→ Task goal: Where the data below begins, start retyping exactly, and end on the line with "為迎接3.8女神節(jié)", which is included; no picture goes in.

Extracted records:
'''

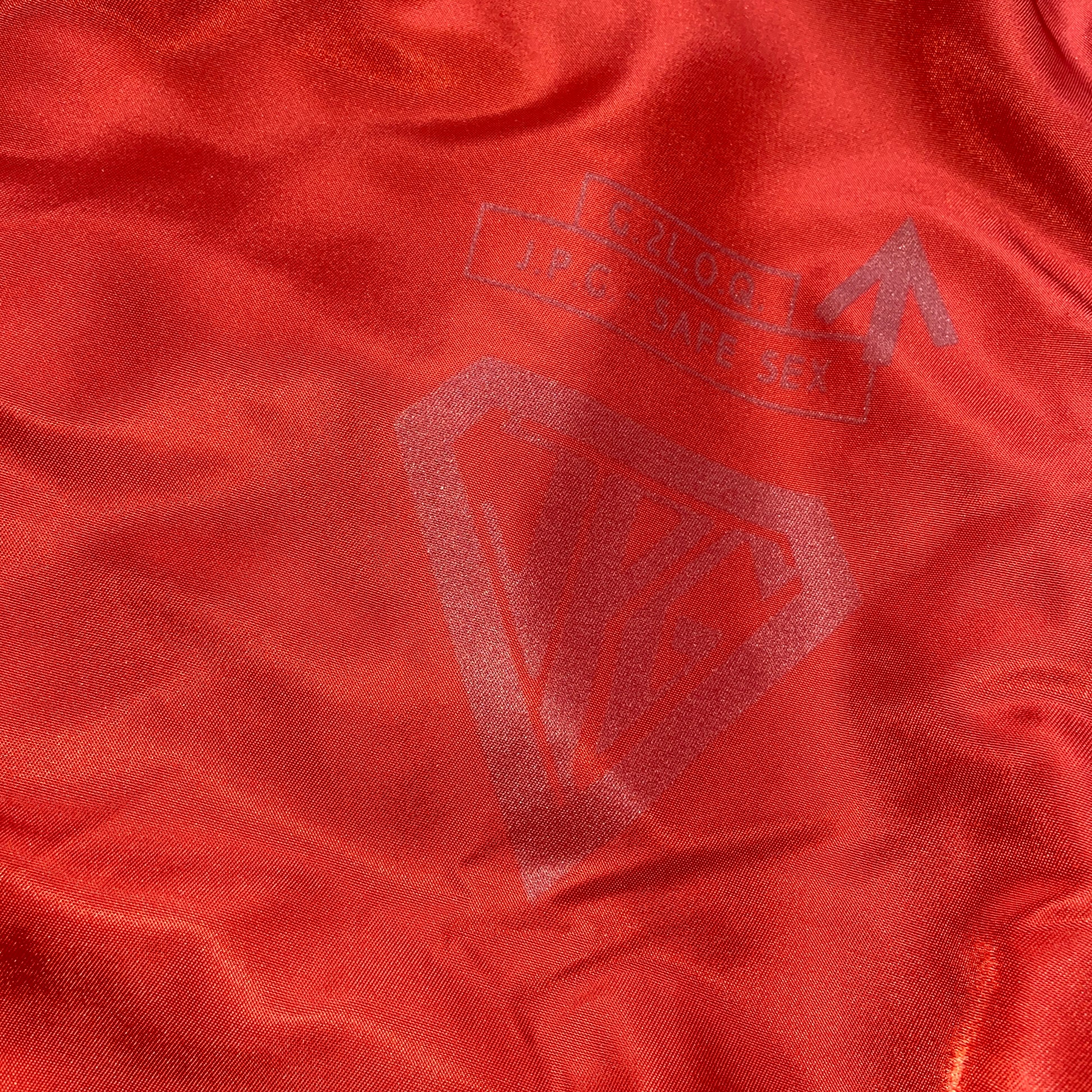 Jean Paul Gaultier ss95 “safe sex” red corset cropped bomber
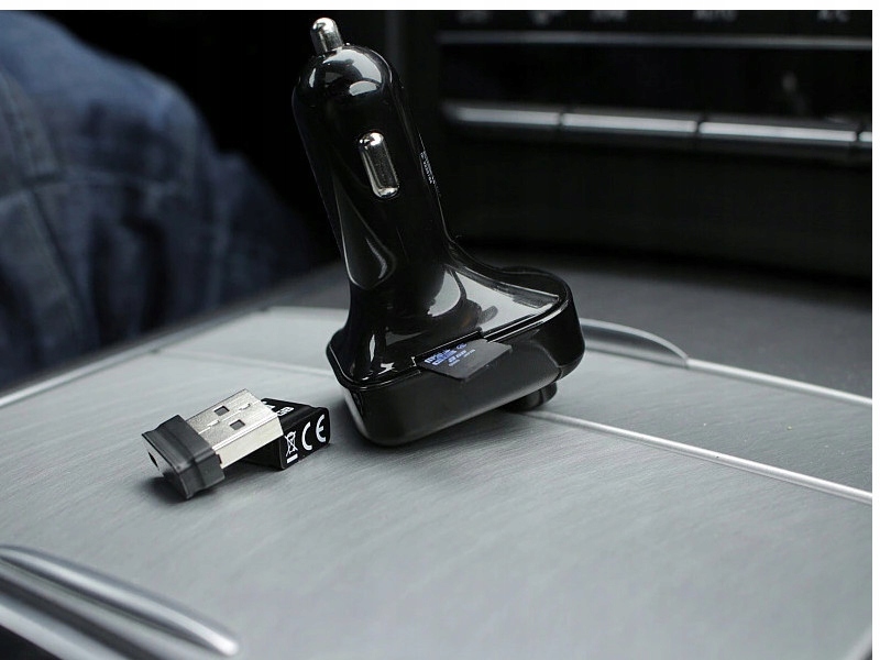 FM-передавач має два вбудованих порти USB для зарядки і відтворення музики з USB-носія.е>
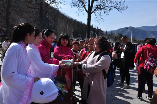 為迎接3.8女神節(jié)的到來,青天河的桃花“仙子”們?yōu)楦魑挥慰团笥褌儙砹擞腥さ拿赓M(fèi)大抽獎活動,凡抽到禮品的,“仙子”們當(dāng)場送送送!
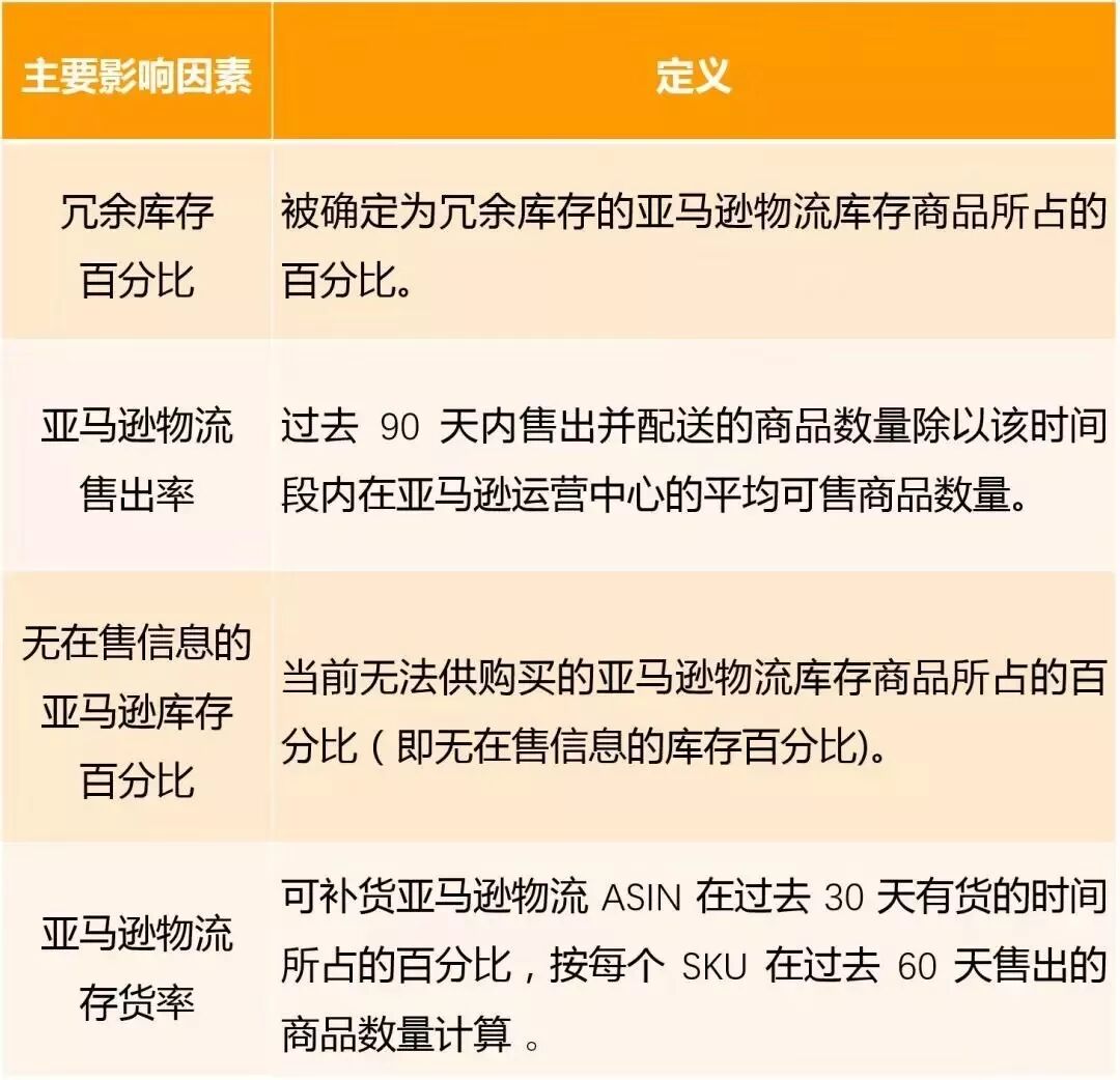IPI的构成主要有4个影响因素:冗余库存百分比、亚马逊物流售出率、无在售的亚马逊库存百分比及亚马逊物流有存货率影响。
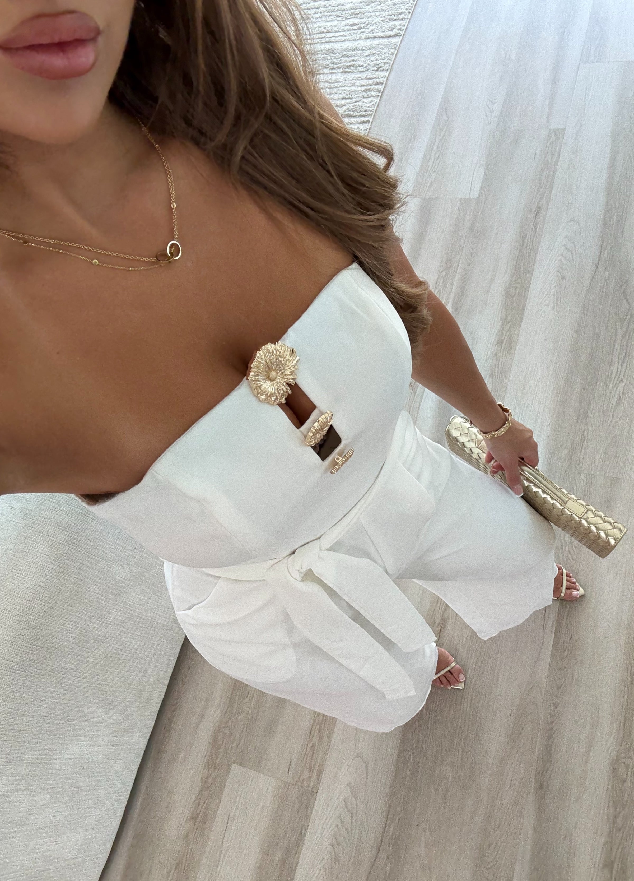 Meet the Stella Jumpsuit a blend of sophistication and chic design. This strapless jumpsuit features a fitted bust area, seamless centre zip at the back, detachable tie around the waist, wide-leg cut, side pockets, gold flower hardware feature between bust area and is fully lined. The Stella Jumpsuit is the epitome of effortless elegance for any occasion.
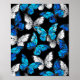 Mörk Sömlöst Mönster med Blue Butterflies Morpho Poster
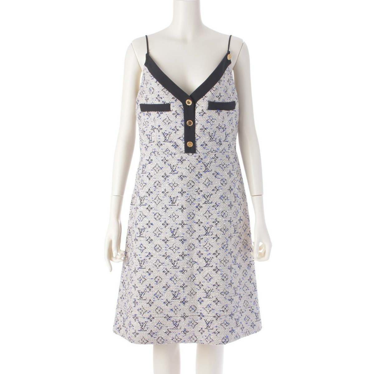 ルイヴィトン Louis Vuitton 19年 モノグラム ツイード キャミソール ひざ丈 ドレス ワンピース マルチカラー 42
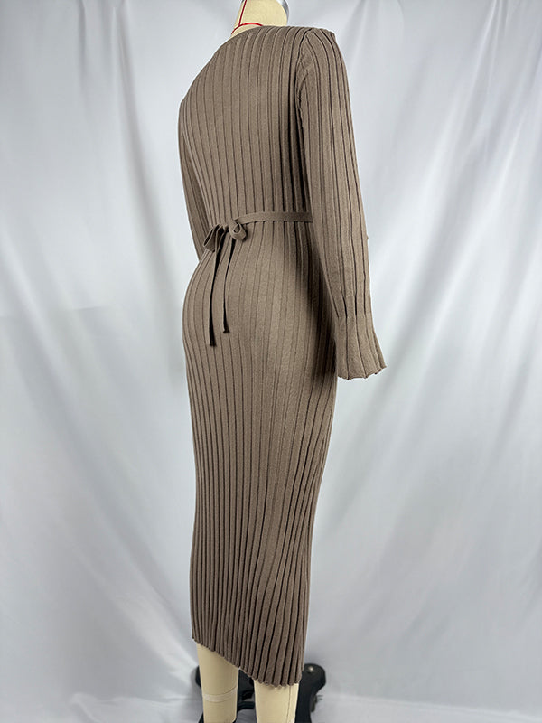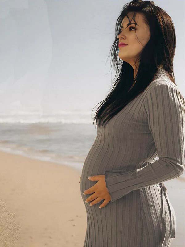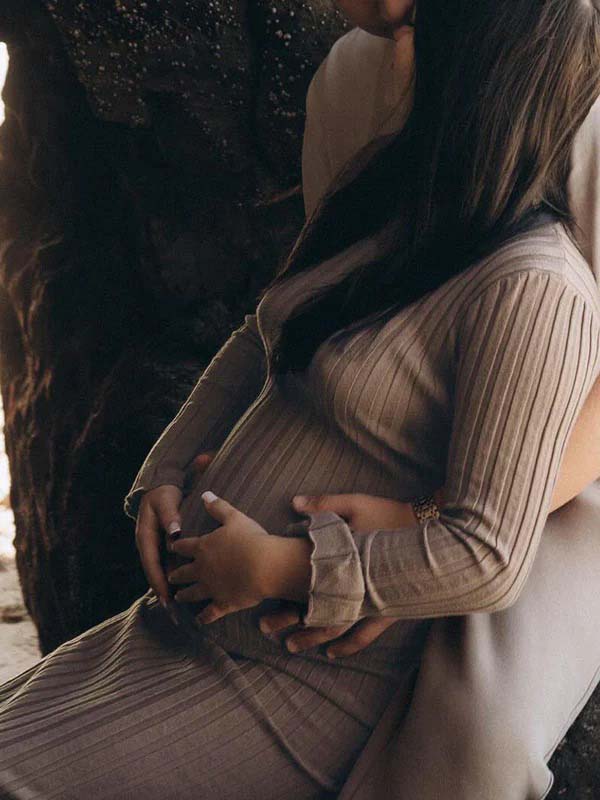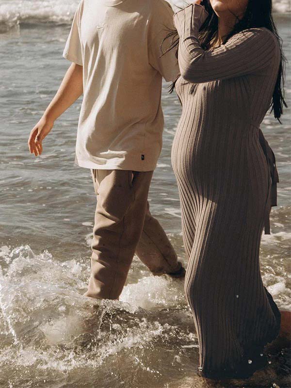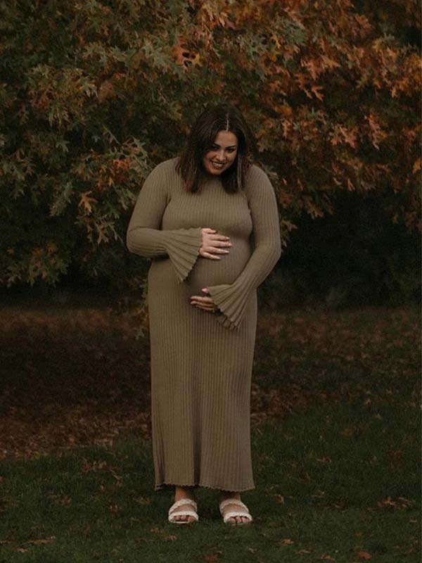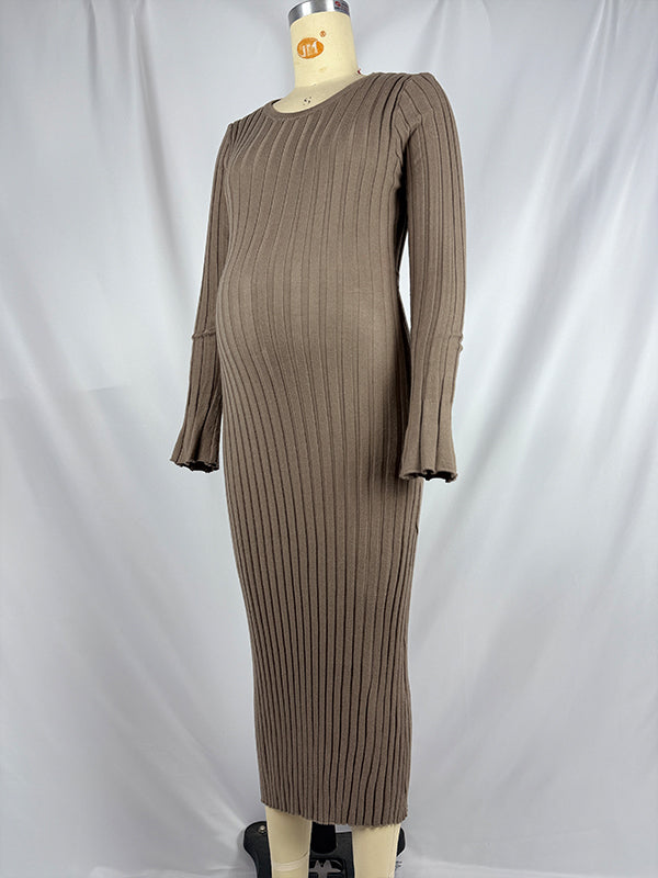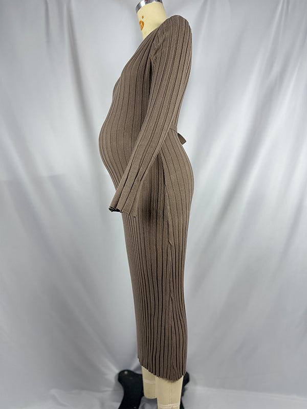 fotobeyou Pit Strip Back Belted Round Neck Flare Sleeve Bodycon Photoshoot Baby Shower Maternity Maxi Sweater Dress
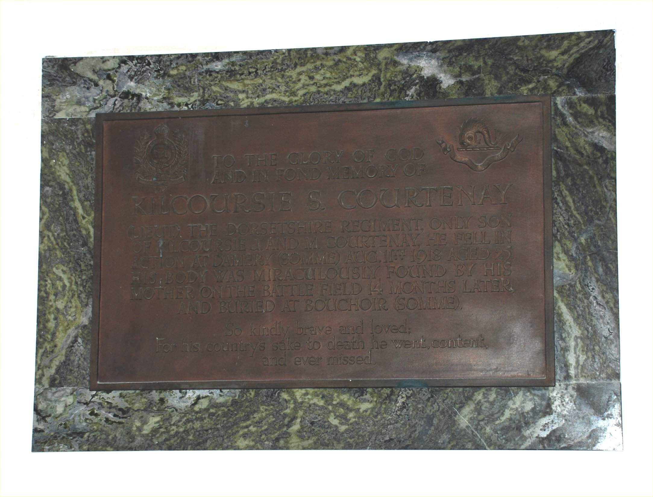 To the Glory of God and in fond memory of Kilcoursie S. Courtenay (Lieut) the Dorsetshire Regt, only son of Kilcoursie J. and M. Courtenay, he fell in action at Damery (Somme) Aug. 11th 1918 aged 25. His body was miracously found by his mother on the battle field 14 months later, and buried at Bouchoir (Somme). So kindly brave and loved: For his country's sake to death he went, content, and ever missed.
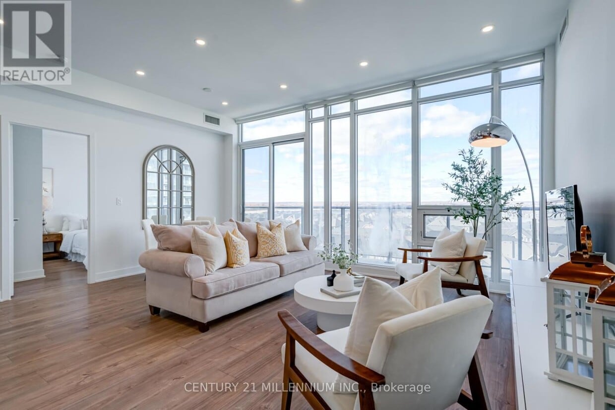 Penthouse de luxe absolument magnifique, baigné de lumière, spacieux et moderne. 2 chambres + bureau, 2 salles de bain complètes, 2 places de parking (en tandem). Superficie totale de 122 m² (dont 19 m² de balcon), plafonds de 3 m, baies vitrées, grand balcon. Bienvenue à Urban Transit Village à Brampton, entouré de vastes espaces verts protégés, dans un quartier pratique et familial ! Finitions et équipements haut de gamme exclusifs à ce penthouse. Cuisine gastronomique avec grand îlot central, luminaires suspendus, comptoirs en quartz et crédence assortie. Four encastré, micro-ondes encastré compact, lave-vaisselle encastré, réfrigérateur avec façades personnalisées s'harmonisant parfaitement avec les armoires environnantes pour un style cohérent et sophistiqué qui rehausse l'esthétique de la cuisine. Éclairage sous les armoires, spots encastrés. Stores à enrouleur haut de gamme. Spacieuse chambre principale avec accès à un balcon, luxueuse salle de bains attenante avec double vasque et douche en verre sans cadre. Accès rapide à la gare GO, aux transports en commun, aux écoles et au centre communautaire/récréatif Cassie Campbell. *** Recherche locataire de premier ordre. (id:52069) ID#: 1415517

'''

→ Your solution:
 Jean Paul Gaultier ss95 “safe sex” red corset cropped bomber
 FM-передавач має два вбудованих порти USB для зарядки і відтворення музики з USB-носія.е>
 為迎接3.8女神節(jié)的到來,青天河的桃花“仙子”們?yōu)楦魑挥慰团笥褌儙砹擞腥さ拿赓M(fèi)大抽獎活動,凡抽到禮品的,“仙子”們當(dāng)場送送送!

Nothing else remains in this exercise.